Saturday, September 30, 2023

The brief history of access to Mount Royal Park

The decision to close one of two roads leading to Mount Royal Park is the latest twist in a centuries-old debate over how to balance the conservation of downtown Montreal’s forested refuge with the metropolis’s transportation needs.

The park’s architect, Frederick Law Olmsted, is responsible for some of the most famous public green spaces in North America, including New York’s Central Park.

In 1872, the city of Montreal asked Mr. Olmsted to draw up a plan for its new Mount Royal Park. However, the Camillien-Houde route was not part of Olmsted’s proposal.

Montreal built the highway on the northeast side of the mountain in the late 1950s in an effort to expand automobile infrastructure. This is indicated by a study of the site commissioned by the city in 2018 and written by historian Denise Caron.

What would Mr. Olmsted think of the closure of the Camillien-Houde route?

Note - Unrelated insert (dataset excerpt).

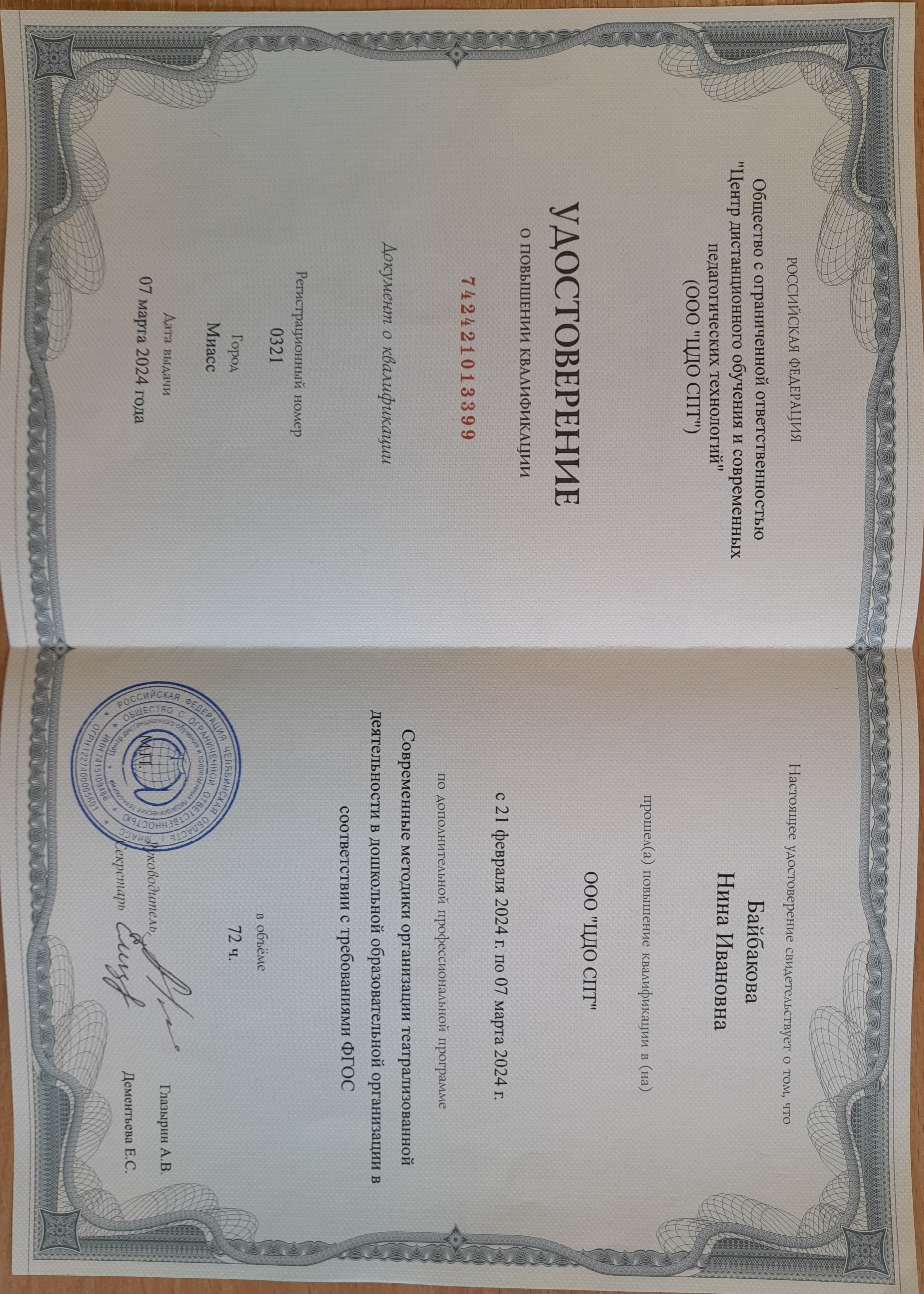 Обучение по курсу: Современные методикиорганизации театрализованной деятельности в дошкольной образовательной организации в соответствие с требованиями ФГОС. Документ о повышении квалификации: скачать

It’s not clear, says Witold Rybczynski, professor emeritus at the University of Pennsylvania and Olmsted biographer, in an interview with The Canadian Press.

It is very difficult to try to understand what a person like Mr. Olmsted would think about our world today. He was a very pragmatic person.

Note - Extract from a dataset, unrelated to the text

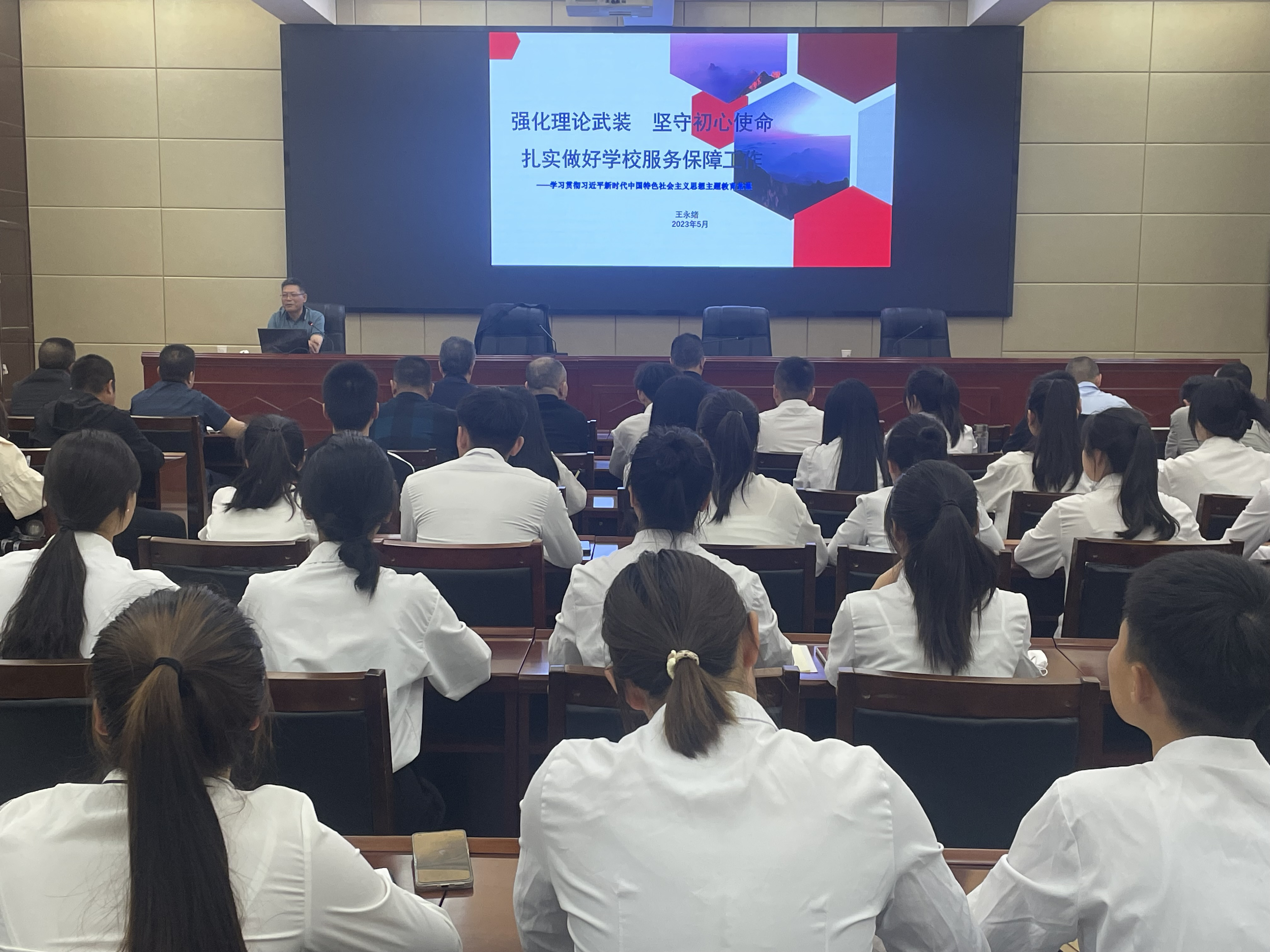 按照學(xué)校黨委關(guān)于學(xué)習(xí)貫徹習(xí)近平新時代中國特色社會主義思想主題教育的部署安排,5月31日,學(xué)校黨委委員、副校長王永緒講授了題為《強(qiáng)化理論武裝? 堅守初心使命》的專題黨課,后勤管理處、基建處、國有資產(chǎn)管理處、護(hù)理學(xué)院和信息技術(shù)學(xué)院全體黨員、預(yù)備黨員、發(fā)展對象等80余人聆聽了黨課。

Olmsted died in 1903, before automobile use became widespread. “I am sure you will have something interesting to say about cars,” Mr. Rybczynski continued. But I have no idea what it would be.

Vehicles And A Cyclist Circulate On The Camillien-Houde Route.

Vehicles and a cyclist circulate on the Camillien-Houde route.

On Wednesday, Mayor Valérie Plante announced her intention to close the Camillien-Houde route to cars from 2027 and reopen it as a new pedestrian and cycling route two years later. Only emergency vehicles will be able to continue circulating on the street, indicated the mayor, for whom the mountain is not a shortcut but rather a destination.

A simultaneous public consultation on the future of access roads to Mount Royal Park in the summer of 2018 resulted in a recommendation to keep them open to cars.

However, the Plante administration maintains that the closure of the Camillien-Houde trail is necessary to protect the biodiversity of Mount Royal and make the park more accessible to pedestrians, cyclists and people with reduced mobility, who could use the new wheelchair-friendly path. wheels.

Mount Royal, Mrs. Plante insisted, belongs to everyone.

First a place of contemplation.

Creating a universally accessible destination for all city residents was also Olmsted’s goal, according to researcher Charles Beveridge, whose 2009 study was published by the city of Montreal.

The idea was for the park to be disconnected from the city, a quiet place of contemplation where people of all social classes and backgrounds could gather.

At The Mount Royal Lookout At The Beginning Of The 20Th Century.

At the Monte Real viewpoint at the beginning of the 20th century

Bérubé suggests that this ideal was at odds with the park’s location, as well as the desires of the local bourgeoisie, who used the Olmsted-designed carriage paths at Mount Royal to escape the hustle and bustle below.

People from the lower classes could not access the park because at that time it was quite far from the urban center and the working-class neighborhood. Bérubé explains. Therefore, having easy and affordable access to Mount Royal Park has become an important political issue.

Black And White Photograph Showing A Funicular Over A Forest On A Mountainside.

The Mount Royal funicular railway around 1900

Although a funicular connected the top of the mountain and its base from 1885 to 1920, there was no public transportation connection leading from the east to the top of the mountain until the opening of a tram in 1930, according to Mrs. .Caron.

Black And White Photograph Showing A Tram On Top Of A Mountain With The City Of Montreal Below.

The Mount Royal tram on what would later become Chemin Camillien-Houde.

M. Olmsted he opposed any rapid promotion that would short-circuit the visual experience he had organized for pedestrians and for riders who climbed the mountain in horse-drawn carriages, according to Beveridge’s 2009 study.

Divided experts

Professor Bérubé argues that the construction of the Camillien-Houde route further undermined Mr Olmsted’s vision. It was really a way to cross the mountain, to cross the park, Bérubé stressed. So the park, instead of being an oasis outside the city, essentially became an obstacle to the city’s development.

Central Park suffered a similar fate when its aging walkways began accommodating cars, Rybczynski recalls. New York City banned vehicle access to these trails in 2018, although four lower roads remain that connect road networks east and west of the park.

The difference with Mount Royal, he adds, is that Camillien-Houde Way is largely on the edge of the park, partly on land acquired by the city after Mr. Olmsted’s death.

It is difficult for me to say that (the Camillien-Houde route) is intrusive, says Mr. Rybczynski. Instead, the professor admits that he enjoys the experience that the course offers to visitors.

For Bérubé, eliminate car traffic on the Camillien-Houde route perhaps it would return the park to its beginnings, to this idea of ​​a park that should be outside the city.